- **Your instructions**: Give back the whole listing verbatim, printing none of its pictures.

- **Stored data**:
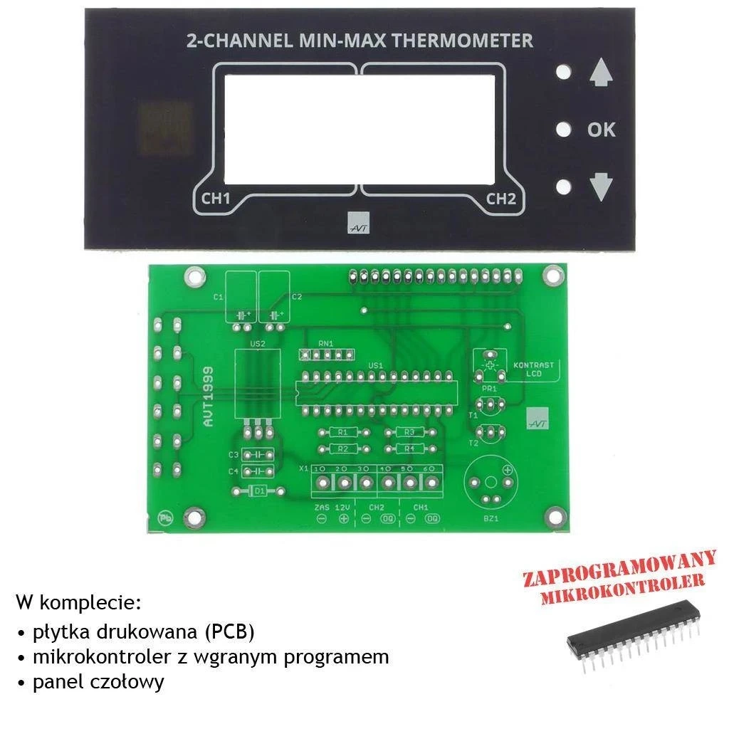 Termometr służy do monitorowania temperatury w dwóch punktach za pomocą czujników temperatury typu DS18B20 z interfejsem 1-Wire.
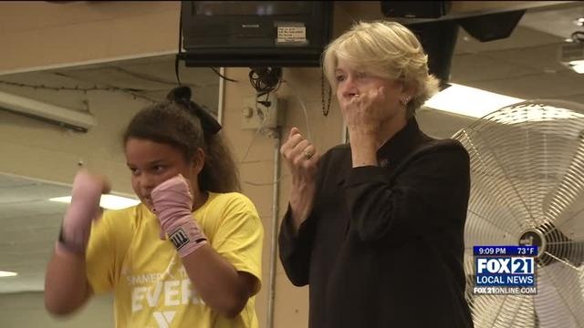 Senator Janet Bewley visits YMCA, meets local boxer.
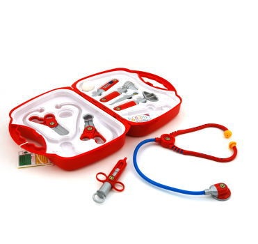 体温計、注射器、聴診器など10点、お医者さんの必需品がたくさん入っているので、お医者さん遊びに最適です。好奇心いっぱいの子どもは、ごっこ遊びによる他者とのコミュニケーションによって思いやりの心を育むことでしょう。
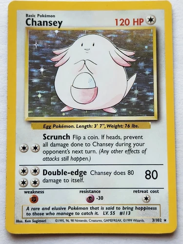 Chansey 3/102 Holo Rare Pokemon Base Set Original WoTC 1999

- **Output of the exercise**:
 Termometr służy do monitorowania temperatury w dwóch punktach za pomocą czujników temperatury typu DS18B20 z interfejsem 1-Wire.
 Senator Janet Bewley visits YMCA, meets local boxer.
 体温計、注射器、聴診器など10点、お医者さんの必需品がたくさん入っているので、お医者さん遊びに最適です。好奇心いっぱいの子どもは、ごっこ遊びによる他者とのコミュニケーションによって思いやりの心を育むことでしょう。
 Chansey 3/102 Holo Rare Pokemon Base Set Original WoTC 1999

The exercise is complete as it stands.